Information supplied:
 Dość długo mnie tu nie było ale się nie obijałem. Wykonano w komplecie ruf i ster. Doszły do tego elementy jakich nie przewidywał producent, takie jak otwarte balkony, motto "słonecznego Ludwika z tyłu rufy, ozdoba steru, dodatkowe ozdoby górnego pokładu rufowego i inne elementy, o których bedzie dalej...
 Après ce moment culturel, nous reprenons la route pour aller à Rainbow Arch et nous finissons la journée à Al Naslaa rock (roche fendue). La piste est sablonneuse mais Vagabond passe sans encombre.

---

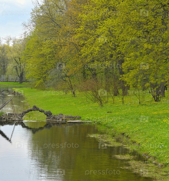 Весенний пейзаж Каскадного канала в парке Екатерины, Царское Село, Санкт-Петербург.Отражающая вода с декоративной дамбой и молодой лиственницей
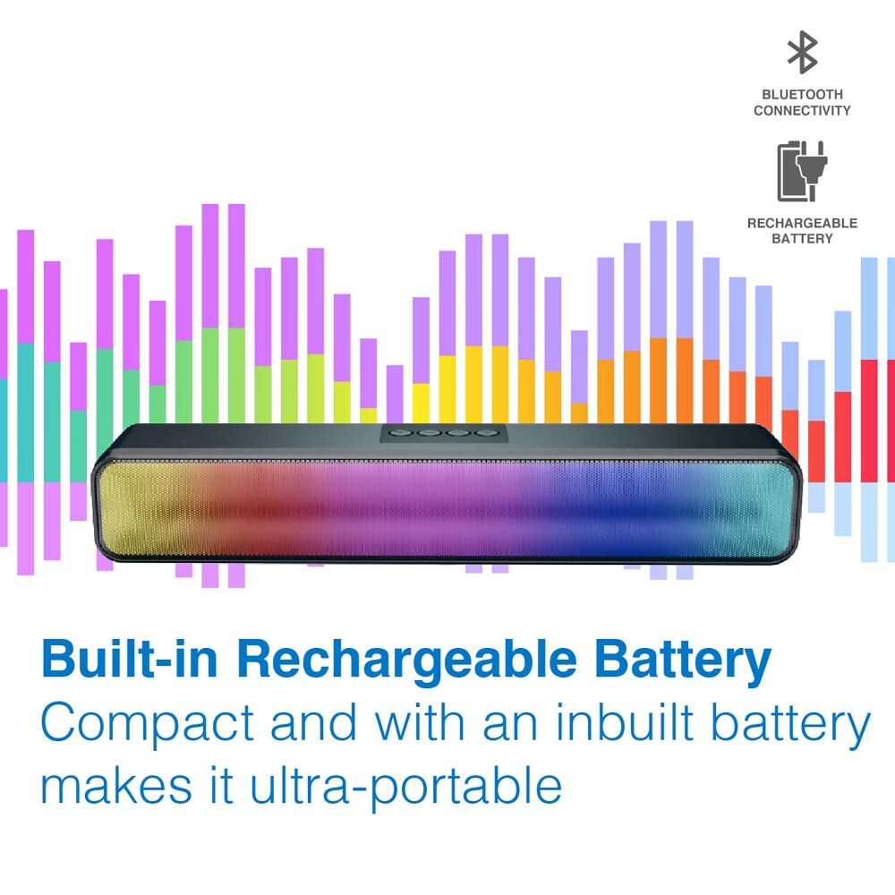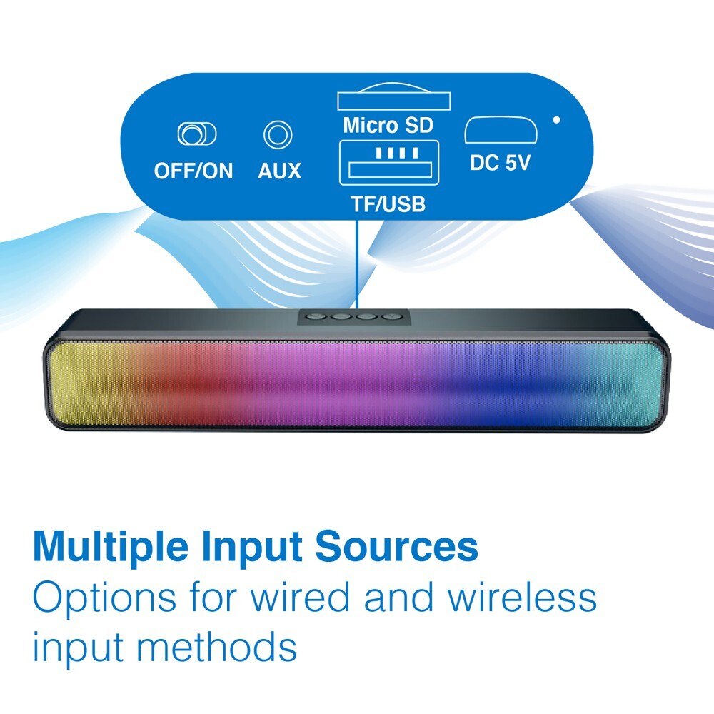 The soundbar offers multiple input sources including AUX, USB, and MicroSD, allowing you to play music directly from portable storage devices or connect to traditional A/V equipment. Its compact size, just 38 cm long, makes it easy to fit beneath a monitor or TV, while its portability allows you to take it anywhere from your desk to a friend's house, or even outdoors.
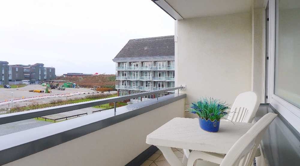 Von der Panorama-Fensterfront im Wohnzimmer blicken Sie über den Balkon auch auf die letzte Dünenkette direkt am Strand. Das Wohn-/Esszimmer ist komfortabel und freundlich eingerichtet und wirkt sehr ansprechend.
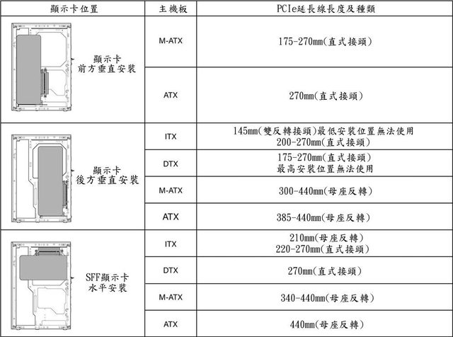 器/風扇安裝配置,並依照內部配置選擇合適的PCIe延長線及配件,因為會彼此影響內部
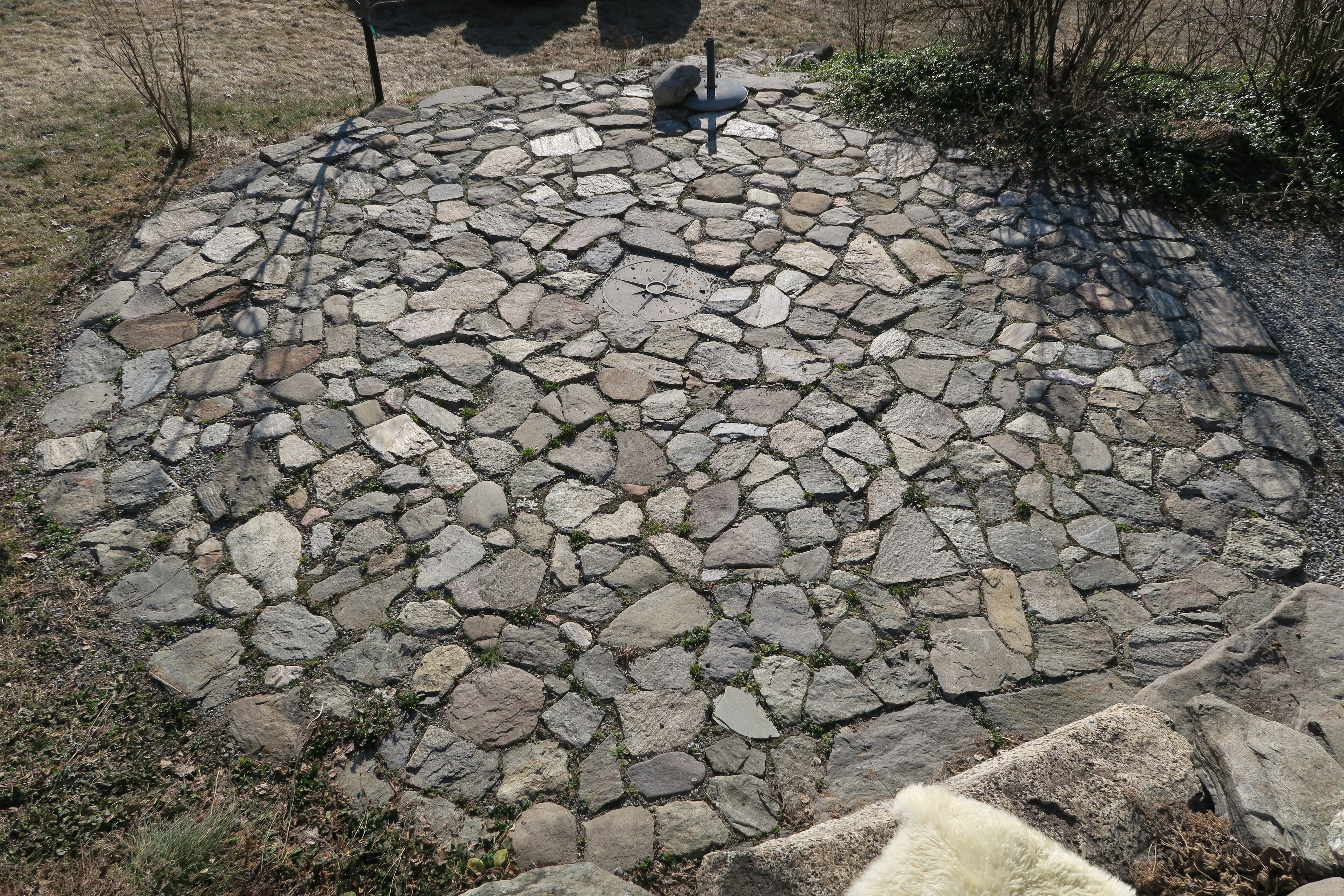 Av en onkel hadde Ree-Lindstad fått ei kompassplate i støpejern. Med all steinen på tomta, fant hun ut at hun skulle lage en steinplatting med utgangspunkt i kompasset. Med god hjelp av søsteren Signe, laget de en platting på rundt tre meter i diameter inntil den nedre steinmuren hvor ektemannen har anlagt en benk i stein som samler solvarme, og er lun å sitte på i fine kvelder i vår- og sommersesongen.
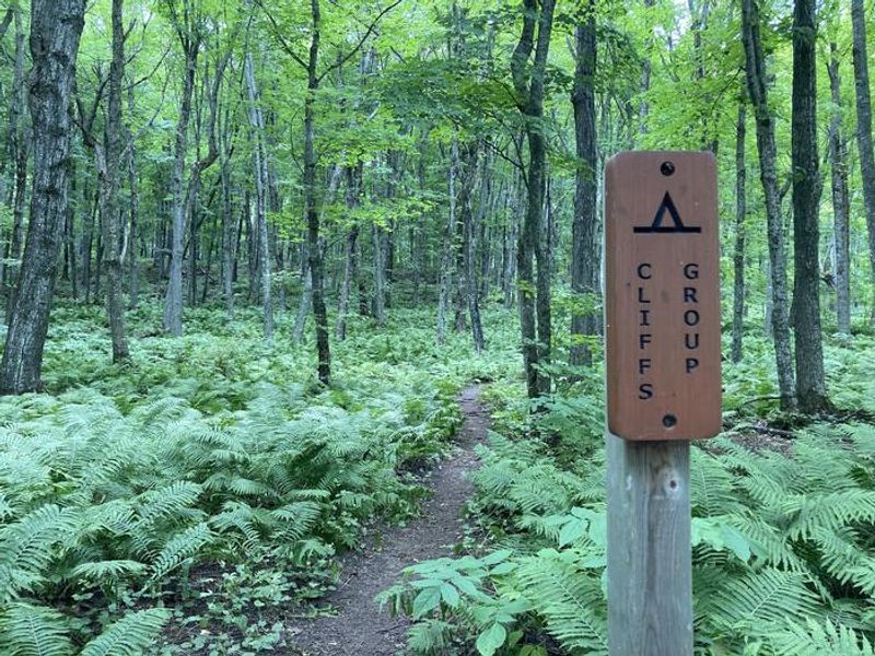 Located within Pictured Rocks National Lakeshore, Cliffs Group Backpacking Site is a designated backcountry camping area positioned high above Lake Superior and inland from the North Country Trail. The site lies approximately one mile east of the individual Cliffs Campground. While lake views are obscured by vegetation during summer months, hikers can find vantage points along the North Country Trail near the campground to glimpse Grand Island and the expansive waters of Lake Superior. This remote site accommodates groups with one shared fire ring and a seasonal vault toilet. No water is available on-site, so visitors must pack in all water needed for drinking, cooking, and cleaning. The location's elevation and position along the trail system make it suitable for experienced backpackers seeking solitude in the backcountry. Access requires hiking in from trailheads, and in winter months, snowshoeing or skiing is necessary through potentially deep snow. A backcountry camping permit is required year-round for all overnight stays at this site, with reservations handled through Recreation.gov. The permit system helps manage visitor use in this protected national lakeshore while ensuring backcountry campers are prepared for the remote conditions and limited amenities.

Task brief: Output only an exact transcription of the lines above from the one with "Dość długo mnie" up to and including the one with "Après ce moment".

Solution to the problem:
 Dość długo mnie tu nie było ale się nie obijałem. Wykonano w komplecie ruf i ster. Doszły do tego elementy jakich nie przewidywał producent, takie jak otwarte balkony, motto "słonecznego Ludwika z tyłu rufy, ozdoba steru, dodatkowe ozdoby górnego pokładu rufowego i inne elementy, o których bedzie dalej...
 Après ce moment culturel, nous reprenons la route pour aller à Rainbow Arch et nous finissons la journée à Al Naslaa rock (roche fendue). La piste est sablonneuse mais Vagabond passe sans encombre.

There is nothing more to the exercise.